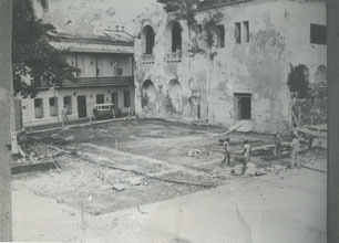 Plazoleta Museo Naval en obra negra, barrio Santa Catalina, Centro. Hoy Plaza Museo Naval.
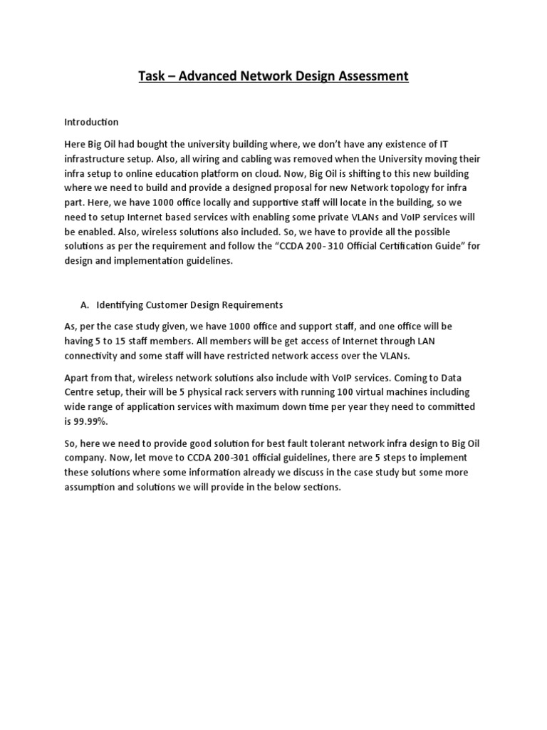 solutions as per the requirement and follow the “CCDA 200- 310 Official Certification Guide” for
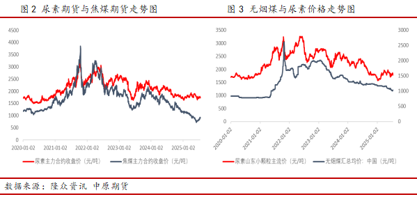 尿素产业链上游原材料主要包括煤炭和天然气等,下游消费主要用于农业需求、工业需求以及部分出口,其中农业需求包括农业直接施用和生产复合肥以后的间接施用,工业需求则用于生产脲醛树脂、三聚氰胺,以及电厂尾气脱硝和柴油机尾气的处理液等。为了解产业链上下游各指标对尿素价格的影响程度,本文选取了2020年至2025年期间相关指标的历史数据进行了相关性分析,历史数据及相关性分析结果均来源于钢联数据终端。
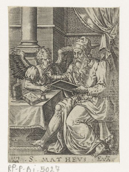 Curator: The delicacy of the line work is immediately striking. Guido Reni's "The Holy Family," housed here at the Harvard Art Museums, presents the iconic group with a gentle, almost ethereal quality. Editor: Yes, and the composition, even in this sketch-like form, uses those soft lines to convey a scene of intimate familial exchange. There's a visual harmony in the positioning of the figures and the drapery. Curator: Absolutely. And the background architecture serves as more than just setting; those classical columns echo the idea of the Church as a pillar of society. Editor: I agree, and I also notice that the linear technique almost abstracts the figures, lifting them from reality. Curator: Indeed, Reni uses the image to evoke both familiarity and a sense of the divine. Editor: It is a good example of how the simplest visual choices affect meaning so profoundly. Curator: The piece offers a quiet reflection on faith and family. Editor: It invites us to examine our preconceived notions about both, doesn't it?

━━━━━━━━━━━━━━━━

**Directions**
Write the full listing out again with every line unchanged, but include no pictures.

**Problem solution**
 Plazoleta Museo Naval en obra negra, barrio Santa Catalina, Centro. Hoy Plaza Museo Naval.
 solutions as per the requirement and follow the “CCDA 200- 310 Official Certification Guide” for
 尿素产业链上游原材料主要包括煤炭和天然气等,下游消费主要用于农业需求、工业需求以及部分出口,其中农业需求包括农业直接施用和生产复合肥以后的间接施用,工业需求则用于生产脲醛树脂、三聚氰胺,以及电厂尾气脱硝和柴油机尾气的处理液等。为了解产业链上下游各指标对尿素价格的影响程度,本文选取了2020年至2025年期间相关指标的历史数据进行了相关性分析,历史数据及相关性分析结果均来源于钢联数据终端。
 Curator: The delicacy of the line work is immediately striking. Guido Reni's "The Holy Family," housed here at the Harvard Art Museums, presents the iconic group with a gentle, almost ethereal quality. Editor: Yes, and the composition, even in this sketch-like form, uses those soft lines to convey a scene of intimate familial exchange. There's a visual harmony in the positioning of the figures and the drapery. Curator: Absolutely. And the background architecture serves as more than just setting; those classical columns echo the idea of the Church as a pillar of society. Editor: I agree, and I also notice that the linear technique almost abstracts the figures, lifting them from reality. Curator: Indeed, Reni uses the image to evoke both familiarity and a sense of the divine. Editor: It is a good example of how the simplest visual choices affect meaning so profoundly. Curator: The piece offers a quiet reflection on faith and family. Editor: It invites us to examine our preconceived notions about both, doesn't it?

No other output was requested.